Appellant’s Argument
It argued in its opening brief:
“Guinnane brought a post-trial motion for attorneys’ fees, seeking attorneys’ fees under California precedent awarding fees incurred in litigating fee-related matters. In the absence of such fees, Guinnane cannot be made whole for the injuries caused by Respondents’ tortious interference. However, the trial court erroneously denied Guinnane’s motion, stating that ‘Guinnane did not carry its initial burden of persuasion that grounds exist for an award of attorneys’ fees in this case.’ The Court should reverse the trial court’s order and remand to the trial court for a determination of the reasonable amount of attorneys’ fees to be awarded to Guinnane. The tort of another doctrine was created pursuant to the courts’ inherent equitable powers as an exception to the rule that attorneys’ fees may only be recovered where authorized by contract or statute….”
The appellant noted that Chess and Jin caused it to incur hefty fees, including a fruitless appeal from the denial of their anti-SLAPP motion, denied by Div. Two on Dec. 22, 2020, in an opinion by Stewart.
It maintained:
“If attorneys’ fees for litigation caused by the tort of another are recoverable…, there is no reason that the fees for recovering those fees are not excepted as well. Indeed, the failure to do so renders hollow the tort of another doctrine….The broad reach of recovery under the tort of another doctrine derives from its essential purpose as an equitable remedy and should extend here to recovery of fees incurred in this action.”
Stewart’s Opinion
Presiding Justice Therese M. Stewart authored the opinion affirming the postjudgment order. She wrote:
“[A]ttorney fees incurred in an action against the tortfeasor to recover fees awarded under the underlying tort of another doctrine do not fall within any recognized exception to the general rule that each party must bear their own legal fees. Guinnane has cited no authority holding that the tort of another doctrine permits recovery not only of fees incurred in prosecuting or defending an action against a third party, but also of fees incurred in an action against the tortfeasor itself, and our own research has yielded none. On the other hand, several cases have declined to include fees incurred in tort of another litigation to recover from the tortfeasor. In addition, under the American Rule, codified in Code of Civil Procedure section 1021, absent a statute or contract providing otherwise, attorney fees are to be paid by the party hiring the attorney.”
That section says:
“Except as attorney’s fees are specifically provided for by statute, the measure and mode of compensation of attorneys and counselors at law is left to the agreement, express or implied, of the parties; but parties to actions or proceedings are entitled to their costs….”

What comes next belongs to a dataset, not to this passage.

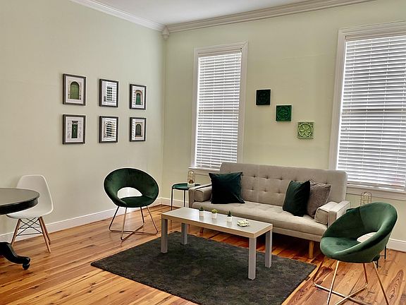 AVAILABLE August 17th INCLUDES FURNITURE & DECOR Lovely 2 bedroom downtown unit. Tall ceilings with huge windows that make this unit light and bright. The kitchen has stainless steal appliances and granite counters. The bedrooms are large with good sized closets. Bedrooms are large enough to share (can fit 2 full beds in each bedroom). Extra $100/month/per person for each tenant above 2. Max 4. Has washer and dryer, hardwood floors, Camera. Great downtown location only a couple houses from Meeting Street and less than 2 blocks to upper King. Parking in driveway can be added for $150/month (can fit 3 cars) . No smoking, Indoor cats accepted with no pet fee or deposi. Dogs not allowed
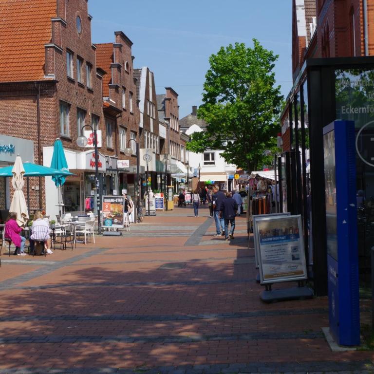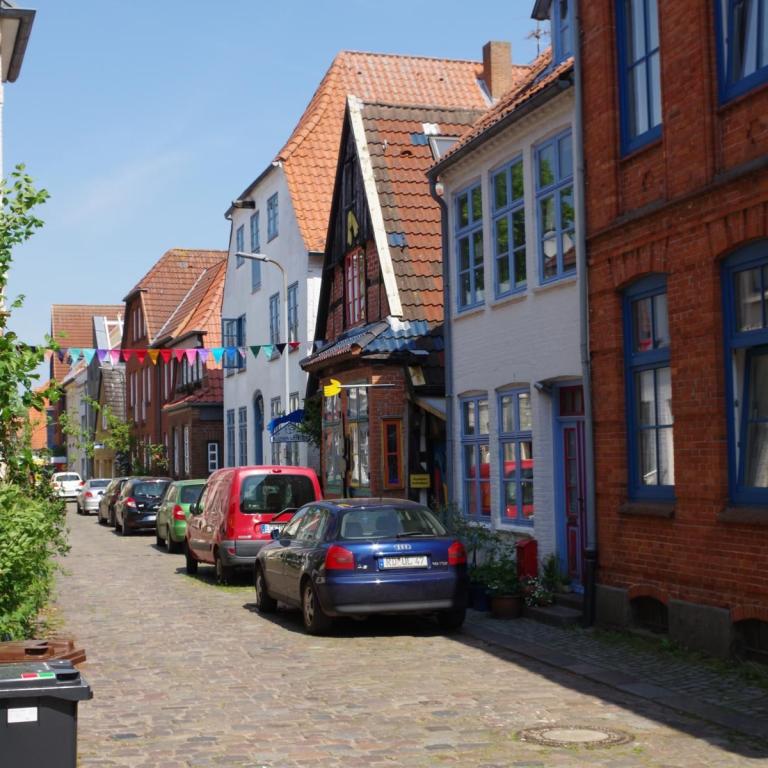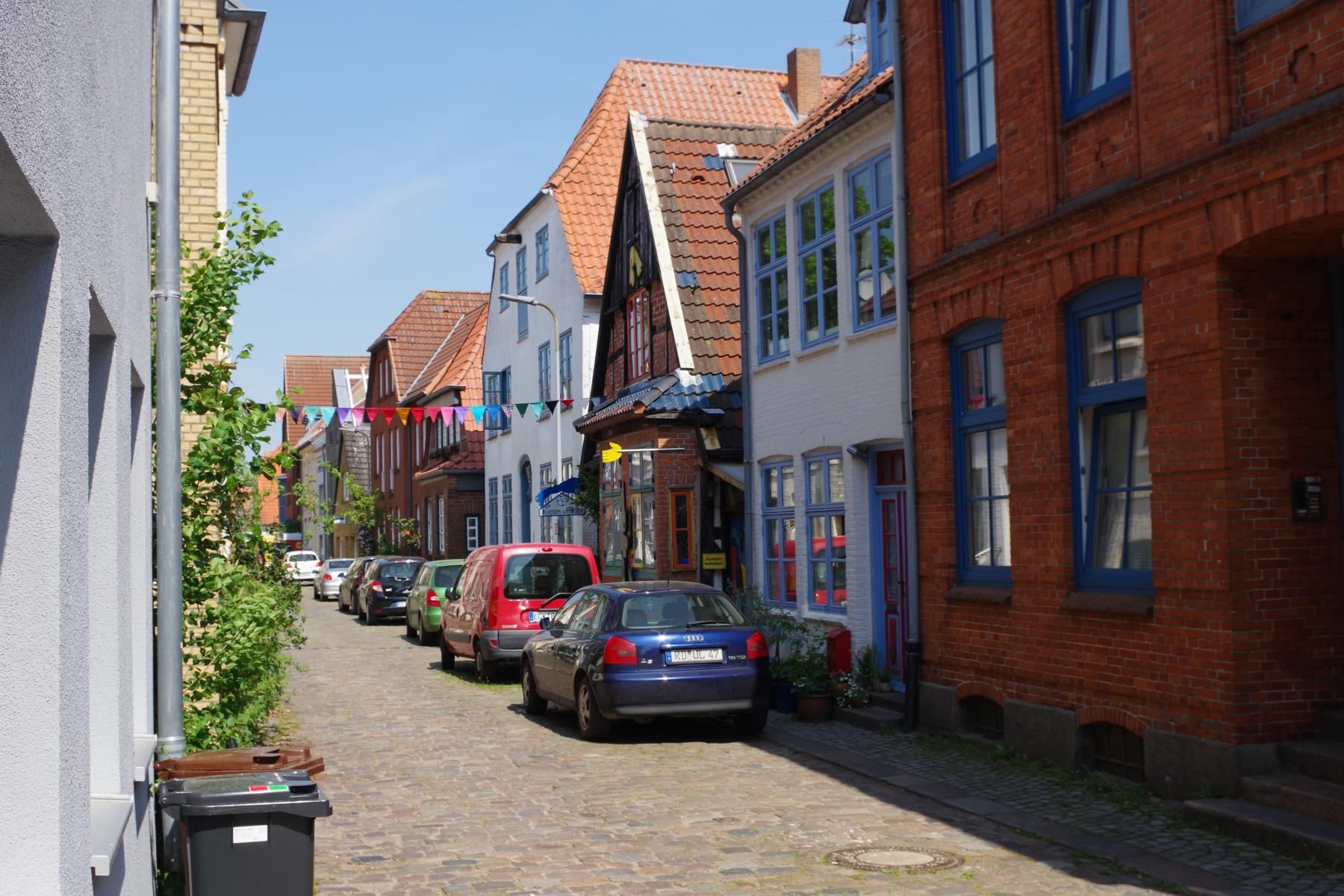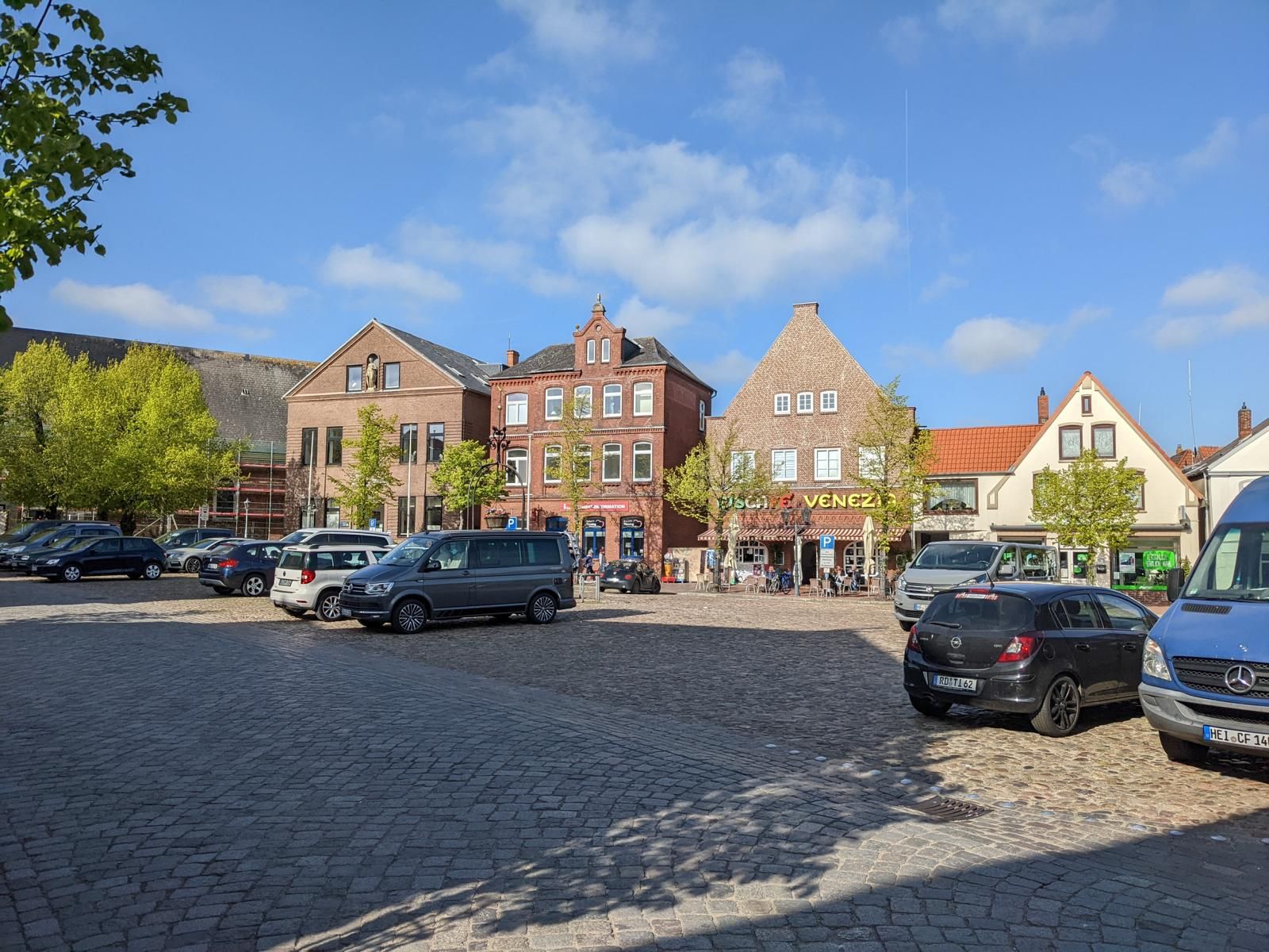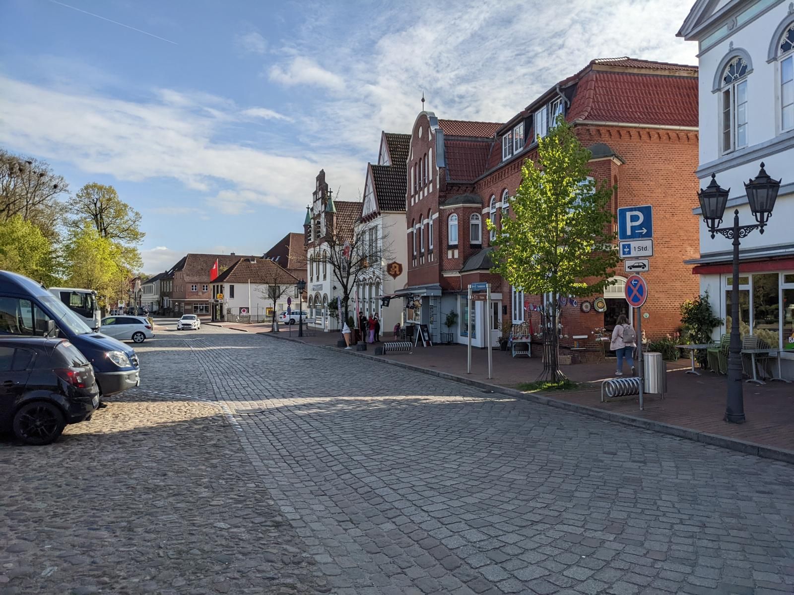 Die Stadtmitte von Schleswig gibt nicht viel her. Fußgängerzone mit vielen Geschäften und Cafés aber keine schönen Häuser. In der Stadtmitte unmittelbar an der Fußgängerzone gibt es ein großes kostenloses Parkhaus. Hier darf man 3 Stunden mit Parkscheibe parken.

The presiding justice added:
“Absent express statutory or contractual exceptions, tort plaintiffs cannot recover attorney fees in litigation against the tortfeasor to recover for the injuries they suffer. Courts have adhered to this rule even where the defendant’s conduct caused catastrophic and lifelong injury, and the plaintiffs suffering was profound….[A]ttorney fees are not compensated in tort actions, no matter how great the injury suffered or whether their recovery fails to make them whole.”
Sympathetic to Concern
Stewart commented:
“Guinnane points out in its brief that defendants ‘made litigating this action costly,’ and the prior appeal from the meritless anti-SLAPP motion, not to mention the amount of attorney fees Guinnane expended, are some indication that this may be somewhat accurate….[W]e are sympathetic. There are some remedies for meritless actions, such as sanction awards for bad faith or frivolous litigation actions or delay tactics and misuse of the discovery process….But the bar for those remedies is high. Whether a case can be made to the Legislature to revisit the longstanding American Rule in the tort of another context or in tort litigation more generally is not clear. Regardless, this court is not at liberty to depart from current law.”
The case is Guinnane Construction Co. v. Chess, A172999.